BEGIN Data section
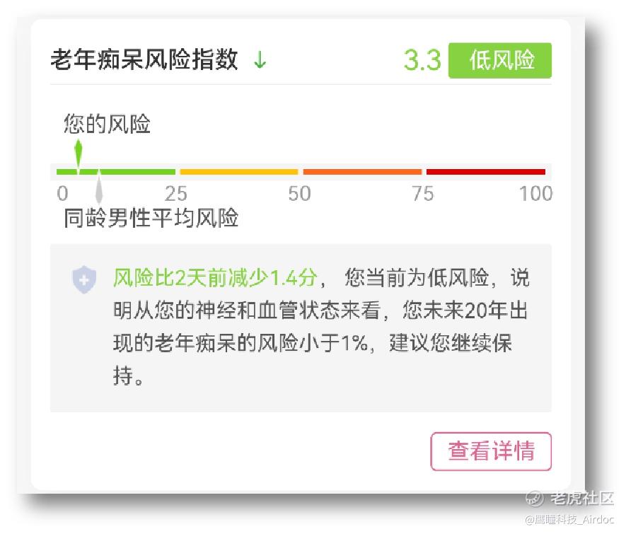 目前报告可以直接发送到手机上,受检者通过鹰瞳相关公众号就可以查看自己的老年痴呆风险指数。
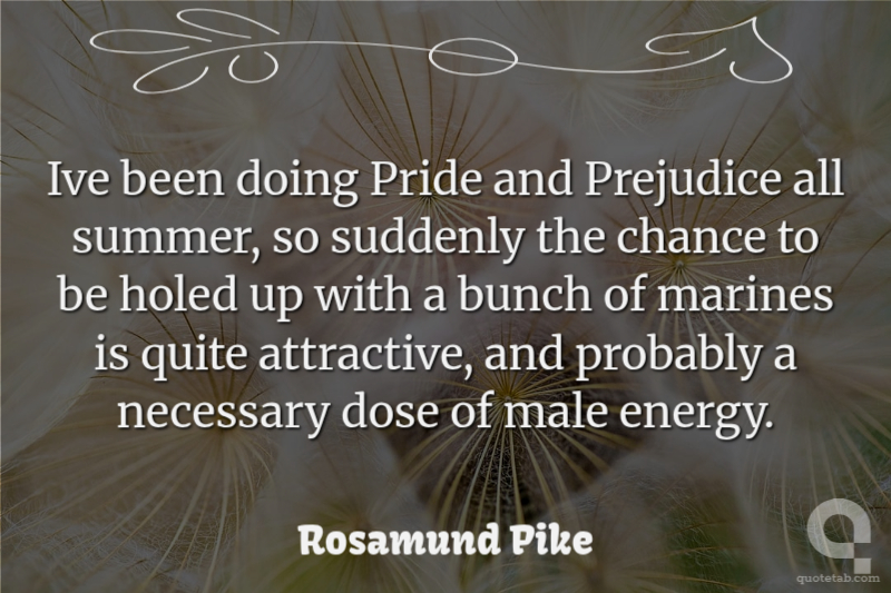 Ive been doing Pride and Prejudice all summer, so suddenly the chance to be holed up with a bunch of marines is quite attractive, and probably a necessary dose of male energy.
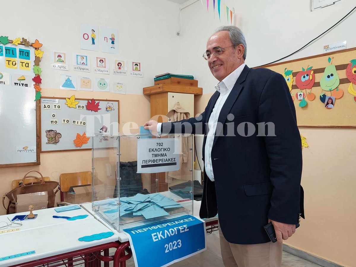 Ο ένας εκ των εννέα υποψηφίων για την Περιφέρεια, με τον συνδυασμό «Αλλαγή στην Περιφέρεια Κεντρικής Μακεδονίας», κατέφθασε στο εκλογικό τμήμα 702 επί της οδού Δελφών λίγο μετά τις 10:00 το πρωί.
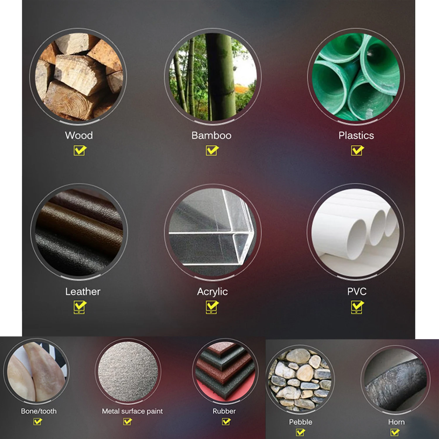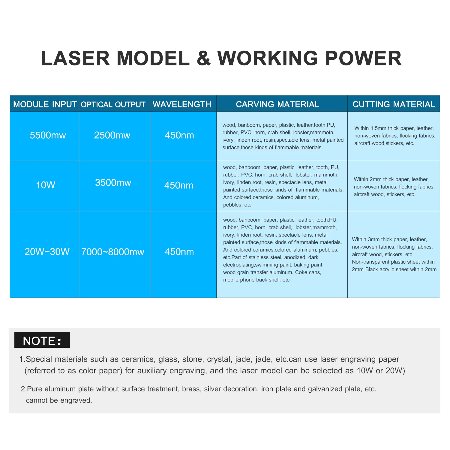 В комплекте лазерная головка мощностью 40 Вт, может быть быстрая резьба из нержавеющей стали 201/304, титановой стали и анодированного алюминия, камня, МДФ, бальзы, дерева, ткани, пластика, печатной платы, бумаги, бамбука, рога, кожа, губчатая бумага и т. Д., кроме меди, алюминия r aw материалов; Резка бумаги толщиной 3 мм, non-waven, Черный Акрил толщиной 2 мм, ПВХ и т. д.
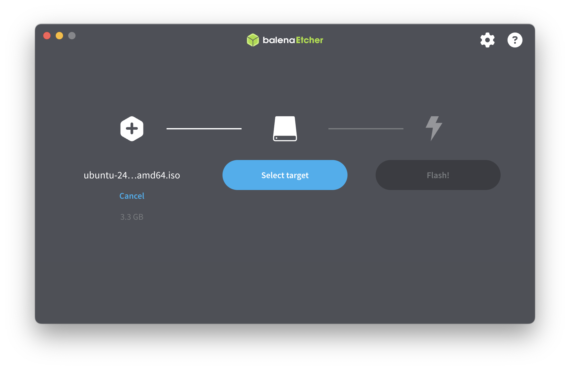balenaEtcher를 실행한 후 Flash from file에서 Flash할 파일로 우분투 ISO 파일을 선택하고,
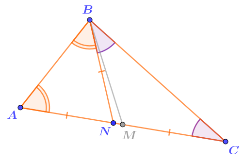 \(\displaystyle \angle ABN=\angle ABC-\angle CBN=\angle ABC-\frac{1}{3}\angle ABC=\frac{2}{3}\angle ABC=\angle A{\small .}\)
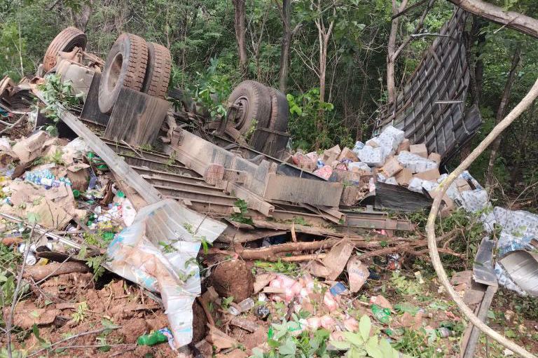 O motorista, que não tive a identidade revelada, perdeu o controle do veículo e tombou na ribanceira. Além dele, o ajudante também viajava na cabine do veículo. Os dois ficaram presos às ferragens e não resistiram aos ferimentos.
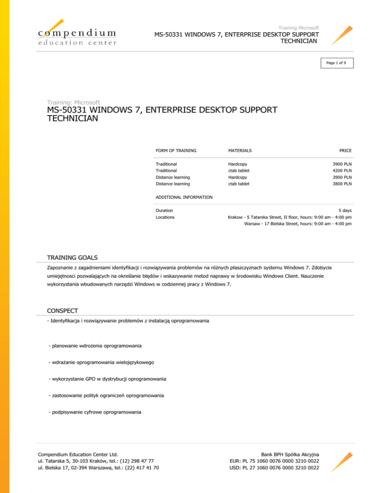 Training Microsoft MS-50331 WINDOWS 7, ENTERPRISE DESKTOP SUPPORT TECHNICIAN Page 1 of 9 Training: Microsoft MS-50331 WINDOWS 7, ENTERPRISE DESKTOP SUPPORT TECHNICIAN FORM OF TRAINING MATERIALS PRICE Traditional Hardcopy 3900 PLN Traditional ctab tablet 4200 PLN Distance learning Hardcopy 3900 PLN Distance learning ctab tablet 3800 PLN ADDITIONAL INFORMATION Duration Locations 5 days Krakow - 5 Tatarska Street, II floor, hours: 9:00 am - 4:00 pm Warsaw - 17 Bielska Street, hours: 9:00 am - 4:00 pm TRAINING GOALS Zapoznanie z zagadnieniami identyfikacji i rozwiązywania problemów na różnych płaszczyznach systemu Windows 7. Zdobycie umiejętnosci pozwalających na określanie błędów i wskazywanie metod naprawy w środowisku Windows Client. Nauczenie wykorzystania wbudowanych narzędzi Windows w codziennej pracy z Windows 7. CONSPECT - Identyfikacja i rozwiązywanie problemów z instalacją oprogramowania - planowanie wdrożenia oprogramowania - wdrażanie oprogramowania wielojęzykowego - wykorzystanie GPO w dystrybucji oprogramowania - zastosowanie polityk ograniczeń oprogramowania - podpisywanie cyfrowe oprogramowania Compendium Education Center Ltd. ul. Tatarska 5, 30-103 Kraków, tel.: (12) 298 47 77 ul. Bielska 17, 02-394 Warszawa, tel.: (22) 417 41 70 Bank BPH Spółka Akcyjna EUR: PL 75 1060 0076 0000 3210 0022 USD: PL 27 1060 0076 0000 3210 0022 Training Microsoft MS-50331 WINDOWS 7, ENTERPRISE DESKTOP SUPPORT TECHNICIAN Page 2 of 9 - wykorzystanie WMI - zastosowanie AppLocker - wykorzystanie wirtualizacji w testowaniu - rozwiązywanie problemów z błędami instalacji - Rozwiązywanie problemów z konfiguracją oprogramowania - zmiana domyślnych ustawień w obrazach - włączanie i wyłączanie funkcji - konfiguracja poprawek - rozwiązywanie problemów z GPO - aktualizacje sterowników - zastosowanie Problem Steps Recorder - rozwiązywanie błędów konfiguracji oprogramowania - Rozwiązywanie błędów oprogramowania - podgląd zdarzeń - przekazywanie zdarzeń - zastosowanie Application Compatibility Toolkit - zastosowanie Windows Troubleshooting Platform - zastosowanie Windows Experience Index Compendium Education Center Ltd. ul. Tatarska 5, 30-103 Kraków, tel.: (12) 298 47 77 ul. Bielska 17, 02-394 Warszawa, tel.: (22) 417 41 70 Bank BPH Spółka Akcyjna EUR: PL 75 1060 0076 0000 3210 0022 USD: PL 27 1060 0076 0000 3210 0022 Training Microsoft MS-50331 WINDOWS 7, ENTERPRISE DESKTOP SUPPORT TECHNICIAN Page 3 of 9 - testowanie kompatybilności w trybie awaryjnym - odtwarzanie systemu - rozwiązywanie problemów z błędami oprogramowania - Identyfikacja i rozwiązywanie problemów z logowaniem - proces uwierzytelniania - konta komputerów - relacje zaufania - usługi sieciowe - właściwości kont użytkowników - profile użytkowników - rozwiązywanie problemów z logowaniem - Identyfikacja i rozwiązywanie problemów z połączeniami sieciowymi - zakres problematyki - błędy sprzętowe - konfiguracja TCP/IP - trasowanie - konfiguracja IPSec Compendium Education Center Ltd. ul. Tatarska 5, 30-103 Kraków, tel.: (12) 298 47 77 ul. Bielska 17, 02-394 Warszawa, tel.: (22) 417 41 70 Bank BPH Spółka Akcyjna EUR: PL 75 1060 0076 0000 3210 0022 USD: PL 27 1060 0076 0000 3210 0022 Training Microsoft MS-50331 WINDOWS 7, ENTERPRISE DESKTOP SUPPORT TECHNICIAN Page 4 of 9 - narzędzia połączeń sieciowych - Branch Cache - rozwiązywanie problemów połączeniami sieciowymi - Identyfikacja i rozwiązywanie problemów z rozpoznawaniem nazw - rozpoznawanie nazw DNS - wykorzystanie pliku hosts - konfiguracja WINS - wykorzystanie pliku lmhosts - kolejność rozpoznawania nazw - rozwiązywanie problemów z rozpoznawaniem nazw - Identyfikacja i rozwiązywanie problemów z drukowaniem - podłączanie do drukarek sieciowych - zarządzanie kolejką wydruku - ustawianie priorytetów wydruku - tworzenie pul drukarek - konfiguracja sterowników - harmonogram wydruku - uprawnienia wydruku Compendium Education Center Ltd. ul. Tatarska 5, 30-103 Kraków, tel.: (12) 298 47 77 ul. Bielska 17, 02-394 Warszawa, tel.: (22) 417 41 70 Bank BPH Spółka Akcyjna EUR: PL 75 1060 0076 0000 3210 0022 USD: PL 27 1060 0076 0000 3210 0022 Training Microsoft MS-50331 WINDOWS 7, ENTERPRISE DESKTOP SUPPORT TECHNICIAN Page 5 of 9 - zarządzanie drukarkami z wykorzystaniem GPO - rozwiązywanie problemów z drukowaniem - Identyfikacja i rozwiązywanie problemów z wydajnością - analiza zdarzeń - ustawienia zasilania - optymalizacja wykorzystania procesora - optymalizacja wykorzystania pamięci - optymalizacja wykorzystania dysku twardego - optymalizacja wykorzystania interfejsów sieciowych - narzędzia wydajności - rozwiązywanie problemów z wydajnością - Identyfikacja i rozwiązywanie problemów z błędami sprzętu - diagnostyka błędów pamięci - błędy dysku twardego - błędy interfejsów sieciowych - błędy zasilania - narzędzia diagnostyki sprzętu Compendium Education Center Ltd. ul. Tatarska 5, 30-103 Kraków, tel.: (12) 298 47 77 ul. Bielska 17, 02-394 Warszawa, tel.: (22) 417 41 70 Bank BPH Spółka Akcyjna EUR: PL 75 1060 0076 0000 3210 0022 USD: PL 27 1060 0076 0000 3210 0022 Training Microsoft MS-50331 WINDOWS 7, ENTERPRISE DESKTOP SUPPORT TECHNICIAN Page 6 of 9 - rozwiązywanie problemów z błędami sprzętu - Identyfikacja i rozwiązywanie problemów z połączeniami bezprzewodowymi - zasięg sieci bezprzewodowych - zabezpieczenia sieci bezprzewodowych - profile sieci bezprzewodowych - opcje zarządzania interfejsami bezprzewodowymi - rozwiązywanie problemów z połączeniami bezprzewodowymi - Identyfikacja i rozwiązywanie problemów z dostępem zdalnym - metody dostępu zdalnego - konfiguracja dial-up - konfiguracja VPN - konfiguracja DirectAccess - protokoły uwierzytelniania - rozwiązywanie problemów z dostępem zdalnym - Zarządzanie synchronizacją plików - konfiguracja dostępu do plików trybu offline Compendium Education Center Ltd. ul. Tatarska 5, 30-103 Kraków, te
END Data section
- _Instructions to follow_:
Of the records above, print only the lines from the one containing "Ο ένας εκ των" through the one containing "O motorista, que", inclusive and unaltered, leaving out pictures.

- _Response area_:
 Ο ένας εκ των εννέα υποψηφίων για την Περιφέρεια, με τον συνδυασμό «Αλλαγή στην Περιφέρεια Κεντρικής Μακεδονίας», κατέφθασε στο εκλογικό τμήμα 702 επί της οδού Δελφών λίγο μετά τις 10:00 το πρωί.
 В комплекте лазерная головка мощностью 40 Вт, может быть быстрая резьба из нержавеющей стали 201/304, титановой стали и анодированного алюминия, камня, МДФ, бальзы, дерева, ткани, пластика, печатной платы, бумаги, бамбука, рога, кожа, губчатая бумага и т. Д., кроме меди, алюминия r aw материалов; Резка бумаги толщиной 3 мм, non-waven, Черный Акрил толщиной 2 мм, ПВХ и т. д.
balenaEtcher를 실행한 후 Flash from file에서 Flash할 파일로 우분투 ISO 파일을 선택하고,
 \(\displaystyle \angle ABN=\angle ABC-\angle CBN=\angle ABC-\frac{1}{3}\angle ABC=\frac{2}{3}\angle ABC=\angle A{\small .}\)
 O motorista, que não tive a identidade revelada, perdeu o controle do veículo e tombou na ribanceira. Além dele, o ajudante também viajava na cabine do veículo. Os dois ficaram presos às ferragens e não resistiram aos ferimentos.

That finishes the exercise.